Практическая значимость работы. Разработана и рекомендована в практику эффективная и экономичная технология получения стабильной холерной агглютинирующей О-сыворотки при использовании в качестве продуцентов кроликов. За счет оптимизации схемы иммунизации продуцентов и исключения этапа адсорбции гетерологических агглютининов срок получения конечного продукта сокращен до 45 сут. Предложен способ стабилизации О-сыворотки, позволяющий продлить срок ее хранения (до 9 лет, срок наблюдения) без потери исходных свойств. По материалам диссертации разработаны и внедрены экспериментально-производственный регламент № 393-92 на сыворотку диагностическую холерную О-агглютинирующую неадсорбированную кроличью сухую для реакции агглютинации (регламент утвержден директором Иркутского противочумного института 25.08.92 г., согласован с директором Государственного научно-исследовательского института стандартизации и контроля медицинских и биологических препаратов им. Л.А.Тарасевича 26.12.96 г. и переименован в регламент производства № 393-96 15.11.96 г.); внесены изменения в фармакопейную статью № 42-349ВС-90 на сыворотки диагностические холерные "О"- 1 - адсорбированную и неадсорбированную, сухие для РА; разработаны "Методические рекомендации по очистке липополисахарида холерного эльтор вибриона с использованием иммобилизованного полимиксина В", которые одобрены ученым советом Иркутского противочумного института (протокол № 3 от 7.02.86 г.) и утверждены директором института; предложен оригинальный метод стабилизации кроличьей холерной агглютинирующей О-сыворотки" (авторское свидетельство № 1592780 от 15.09.1990 г.).
На защиту выносятся следующие основные положения:
-
Выбор оптимальных препаратов О-антигена холерного вибриона для получения кроличьей специфической высокоактивной холерной агглютинирующей О-сыворотки.
-
Технология получения стабильной кроличьей холерной агглютинирующей О-сыворотки.
3. Способ стабилизации кроличьей холерной агглютинирующей О-сыво
ротки с целью повышения срока ее годности.
Работа выполнена в лаборатории диагностических сывороток и биохимическом отделе Иркутского научно-исследовательского противочумного института Сибири и Дальнего Востока в соответствии с планом НИР в рамках двух тем: «Использование деградированного липополисахаридного О-антигена для получения высокоактивных и специфичных холерных сывороток» и «Разработка требований к однородности и стабильности бакпрепаратов для профилактики и диагностики особо опасных инфекций».
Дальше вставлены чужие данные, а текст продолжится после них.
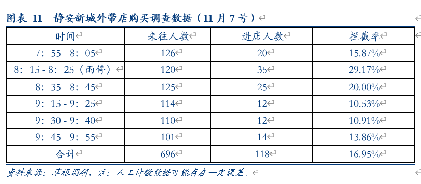 静安新城店:位于闵行区龙茗路,近地铁站且地处小区中心,周边有学校及同类竞品,11月上旬由传统老店改造而来,新增小笼包产品。门店为单一铺面,无堂食座位,产品SKU较堂食店精简,小笼包设5个SKU且标价较堂食店低1元,早高峰配备8名员工负责制作与出餐。经抽样估算,11月7日门店在活动及下雨影响下,估算当天营业额约6500-7000元,较上海区域门店平均日销翻倍。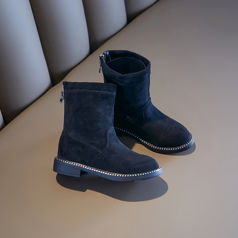 Утепленные универсальные замшевые сапоги с молнией для принцессы, 2022, осенние, тренд сезона

7 Апробация работы. Основные результаты диссертационной работы доложены и обсуждены на:
научной конференции молодых ученых Сибирского института физиологии и биохимии растений, Иркутск, 1984;
научно-практической конференции по проблеме "Холера", Ростов-на-Дону, 1984;
Всесоюзной научно-практической конференции "Разработка и производство препаратов медицинской биотехнологии", Махачкала, 1990;
научных конференциях Иркутского научно-исследовательского противо
чумного института Сибири и Дальнего Востока, Иркутск, 1984-1997 гг.
Публикации . По теме диссертации опубликовано 11 работ, в том числе одно авторское свидетельство.
Структура и объем диссертации. Диссертация состоит из введения, аналитического обзора литературы, описания материалов и методов, изложения полученных результатов и их обсуждения, заключения, выводов и списка использованных литературных источников. Работа изложена на 117 страницах машинописного текста, включает 12 таблиц и 12 рисунков. Список литературных источников содержит 176 наименований, в том числе 69 зарубежных.